Юрии Егоров'с Фондейшн

 
   «В порту Амстердама, в порту Амстердама, Dans la port d'Amsterdame…» — ревел во мне голос Жака Брейля, в то время как я шагал вдоль заключённого в цементные колодки Северного моря. Собственно, порта как такового не оказалось, всё это гнусное побережье было портом. Под цементным мостом стоял средневековый корабль, похожий на шлюпы Магеллана. На палубе корабля пилили бревно. Из-под моста глядели на шлюп трое клошаров, они же бомжи. Один с красно-коричневой мордой жителя Индонезии, завёрнутый в одеяло. Я повернул обратно. Мой голландский издатель Жоз Кат говорил мне, что порта нет — всё побережье Голландии — порт, но я решил проверить. Вот проверил. Я прошёл мимо китайской джанки-ресторана и вышел обратно в город. Возвращаться в отель не хотелось, сидеть там в стерильной тоске и голландской обезжиренной чистоте и смотреть 37 каналов телевидения, где на всех каналах политически-корректные лица? Я зашёл в бар и выпил двойной виски, потому что продрог, разыскивая порт. Была глубокая осень, и даже плотный немецкий бушлат с суконной подкладкой не согревал меня. Были и другие причины для озноба и охлаждения. Прилетев в Париж из Соединенных Штатов, жены своей я не обнаружил. Обнаружил груду посуды в кухне, демонстративные два бокала с остатками вина, две измазанные едой тарелки — всё, что свидетельствовало: здесь отобедали двое… Если добавить к этому растерзанную постель, то легко было догадаться, чем они тут занимались. Пустых бутылок не обнаружилось, но я был уверен, что с десяток их лежит в зелёном контейнере для мусора, стоящем у входа в дом.
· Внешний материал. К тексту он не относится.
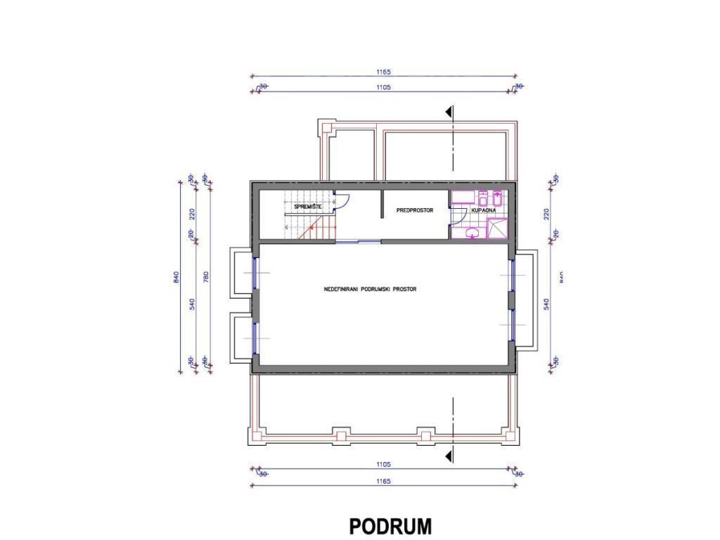 Es besteht aus Erdgeschoss, Obergeschoss und Keller und hat eine Fläche von ca. 294m2.

   Потому, приехав в Амстердам, я полностью идентифицировал себя с матросом-протагонистом песни Брейля. Потому мне было холодно, противно, неуютно. Она устроила мне погром души моей.
   Я бродил вдоль каналов, время от времени подкрепляясь в баре. В обычное время я купил бы бутылку и пошёл в отель, обошлось бы много дешевле. Но если погром души, то какие тут сожаления о расходах… С Жозом не выпьешь, сухопарый положительный голландец с семьёй… Потому я бродил, глядел в зелёную воду каналов, на пришвартованные повсюду велосипеды, сутулился от ветра и размышлял. Уже ближе к вечеру я вдруг остановился у невзрачного дома с только что вставленными новыми окнами, новые рамы крикливо выделялись на старой стене. Если бы не рамы, я бы не остановился. В Амстердаме было где останавливаться и без рам. Я был здесь уже третий раз, в этом городе каналов, велосипедов, тюльпанов и индонезийских клошаров. Отвлекшись от рам, я прочитал вывеску учреждения, которому рамы принадлежали. «Юрий Егоров'с Фондейшн!» Под вывеской солидная бумага крупным шрифтом оповещала, что Фондейшн учреждена душеприказчиками пианиста Юрия Егорова и ставит своей целью поощрение и финансирование молодых музыкантов, устройство музыкальных конкурсов… и так далее…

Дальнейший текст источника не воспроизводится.